— TASK BRIEF —
Every record should be written out exactly, with the pictures left out.

= Beginning of Section =

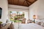 Candy colored bungalows with bamboo furniture in a tasteful modern style, surrounded by lush Cretan gardens that blend harmoniously with the village-like hotel environment.
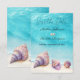 Um sofisticado design de casamento de praia, com conchas de aquarela e pérolas em um fundo branco limpo. Script elegante e fontes clássicas de serif criam um aspecto de eterno, perfeito para um casamento costeiro, de destino ou de temas náuticos. Os tons pastéis suaves evocam uma atmosfera oceânica romântica e serena.
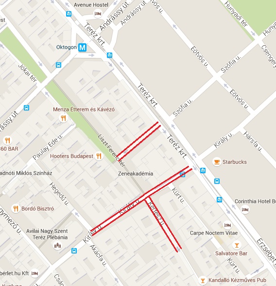 Király utca mindkét oldalán a Teréz körút és a Hegedű utca között,
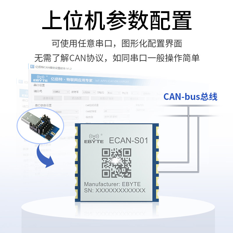 Ebyte TTL to CAN-BUS bidirectional transparent conversion USB to CANOpen protocol ModBus converter
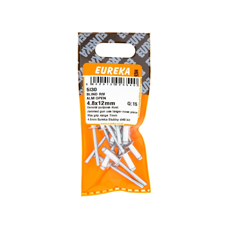 RIVET BLIND ALUMINIUM OPEN 4.8X12MM Q:15 EUREKA
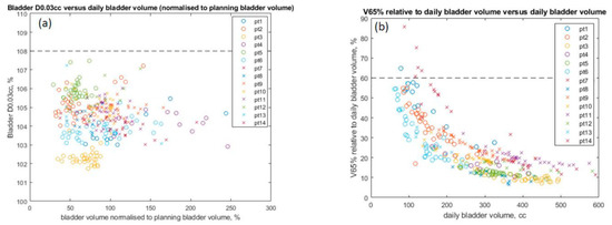 (a) Maximum bladder dose (0.03 mL) versus daily bladder volume. Maximum accepted D0.03mL of 108% is indicated with dashed black line. (b) V65% relative to daily bladder volume versus daily bladder volume. Constraint of V65% <60% is indicated by the dashed black line. Patients 1–6 (circle) use no endorectal balloons. Patients 7–14 (crosses) use endorectal balloons.
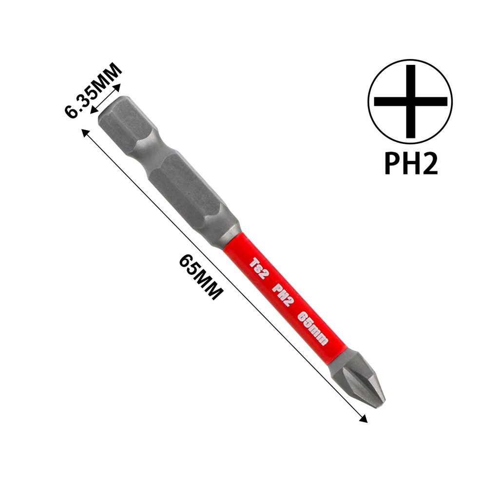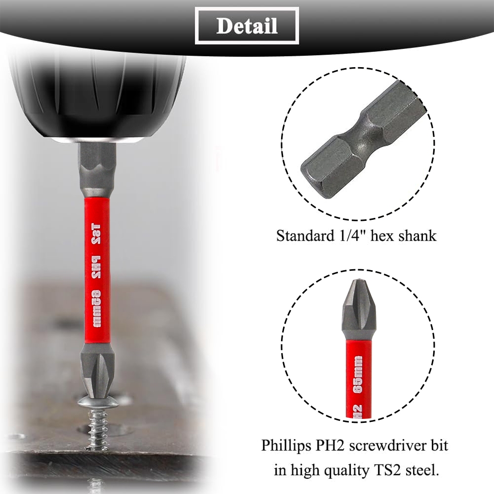 JLD Anti Slip Screwdriver Bit Set 10Pcs PH2 Magnetic 65MM Long TS2 Toolsteel HRC63 1/4 Hex Shank Single Head Bits Screw
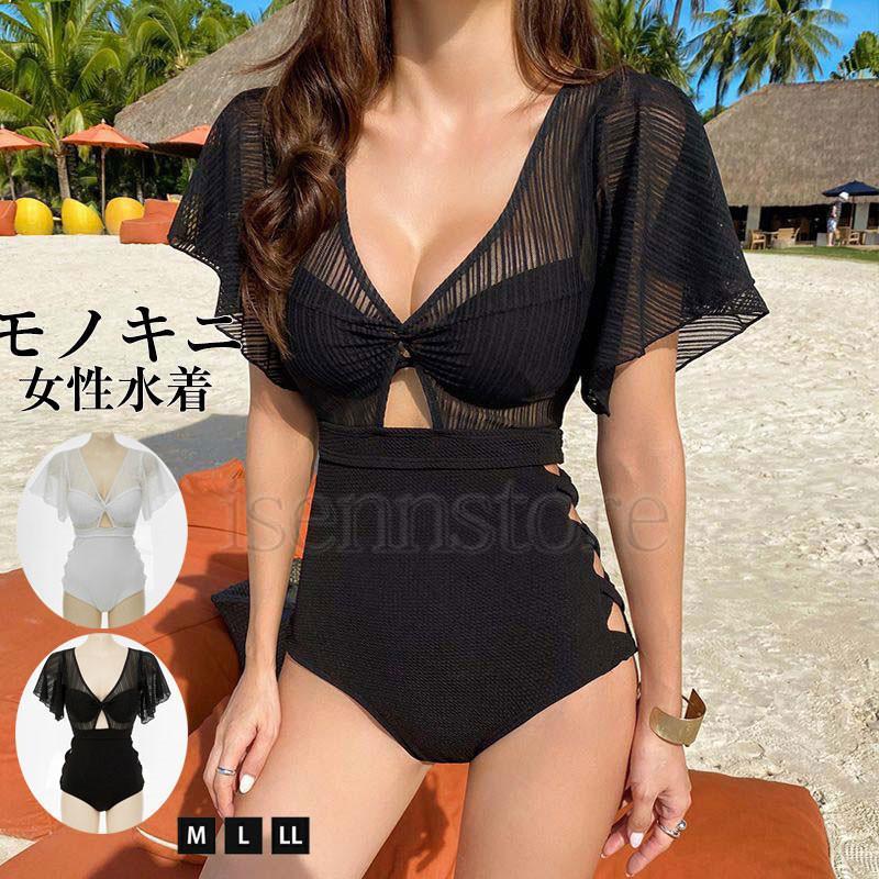 モノキニ 水着 オールインワン レディース ワンピース セクシー バンドゥビキニ ワイヤー 無地 Vネック フリル 女性 ママ水着 盛れる カバーアップ

= End of Section =

— FINISHED TASK —
 Candy colored bungalows with bamboo furniture in a tasteful modern style, surrounded by lush Cretan gardens that blend harmoniously with the village-like hotel environment.
 Um sofisticado design de casamento de praia, com conchas de aquarela e pérolas em um fundo branco limpo. Script elegante e fontes clássicas de serif criam um aspecto de eterno, perfeito para um casamento costeiro, de destino ou de temas náuticos. Os tons pastéis suaves evocam uma atmosfera oceânica romântica e serena.
 Király utca mindkét oldalán a Teréz körút és a Hegedű utca között,
 Ebyte TTL to CAN-BUS bidirectional transparent conversion USB to CANOpen protocol ModBus converter
 RIVET BLIND ALUMINIUM OPEN 4.8X12MM Q:15 EUREKA
 (a) Maximum bladder dose (0.03 mL) versus daily bladder volume. Maximum accepted D0.03mL of 108% is indicated with dashed black line. (b) V65% relative to daily bladder volume versus daily bladder volume. Constraint of V65% <60% is indicated by the dashed black line. Patients 1–6 (circle) use no endorectal balloons. Patients 7–14 (crosses) use endorectal balloons.
 JLD Anti Slip Screwdriver Bit Set 10Pcs PH2 Magnetic 65MM Long TS2 Toolsteel HRC63 1/4 Hex Shank Single Head Bits Screw
 モノキニ 水着 オールインワン レディース ワンピース セクシー バンドゥビキニ ワイヤー 無地 Vネック フリル 女性 ママ水着 盛れる カバーアップ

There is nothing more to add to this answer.